Hyland, a former Princeton basketball player, addressed about 100 students and members of the Princeton Varsity Club in McCosh 10 at "The Sweatiest of the Liberal Arts: Athletics and Education." Making allusions to ancient Greece and current European educational models, he argued that the common view of sports as divorced from the academic sphere harms students' potential growth.
"By giving short shrift to the arts and physical education, we are cutting off from our children [their] core sensibilities," Hyland said.
He began by describing the ancient Athenian view that the two foundations of a young person's education were the pursuits of the muses and those in the gymnasium.
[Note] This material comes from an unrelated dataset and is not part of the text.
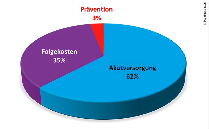 Die direkten Kosten der Osteoporose haben in Österreich im Jahr 2019 1,34 Milliarden Euro betragen (und werden derzeit auf etwa 1,5 Milliarden Euro geschätzt). Davon entfielen im ersten Jahr nach der Fraktur 833,5 Millionen Euro (62%) auf die medizinische Akutversorgung, hauptsächlich die stationäre Versorgung von Hüftfrakturen, und 468,1 Mio. Euro (35%) auf die Folgekosten durch Langzeitbehinderung, hauptsächlich die Betreuung in Pflegeheimen. Nur 41,7 Mio. Euro (3%) wurden für die Frakturprävention, hauptsächlich die pharmakologische Therapie, inklusive Therapiemonitoring, aufgewendet (Abb. 1).13

The Athenians, he noted, did not subscribe to our modern conceptions of improving the mind and body separately, or the traditional Christian and Cartesian philosophy that holds the soul over body.
"What if there are parts of our quality as a person that are only developed in athletics?" Hyland asked.
As Plato noted in "Republic," he continued, activities of the gymnasium develop the soul.
"My experience with basketball was literally defining," Hyland said. "I became who I am because of my passion for basketball."
Hyland also addressed the disconnect in the American system, where schools offer sports but do not include them in educational endeavors.
He developed a class at Trinity — and later wrote a book — about the philosophy of sport. "I didn't want [my students] to say what I had to say, that none of my professors ever called on me to think about sports," he explained.
In his class, Hyland had students confront their own experiences with sports, the positive and negative ethics involved and the contribution of athletics to academic discourse. Coaches, he said, are some of the most successful professors.
"Athletics is a wonderful learning environment not for war, but for the difficult ethical issues of life," he said.
Hyland concluded his lecture by addressing questions from the audience ranging from the role of parents in sports and the demise of the multi-sport athlete to self-segregation among athletes and performance enhancing drugs.

The lecture was the eighth in the biannual Jake McCandless '51 Speaker Series. The next lecture in the series will be given by Frank Deford '61, an NPR commentator and Sports Illustrated writer.
Besides the series, the Varsity Club presents off-campus lectures for alumni as well as on-campus events for athletes.
Louise Gengler '75, assistant director of the Princeton Varsity Club, described her job as offering scholar-athletes "a community beyond their own sport and to help the alumnus reconnect and support the sport teams."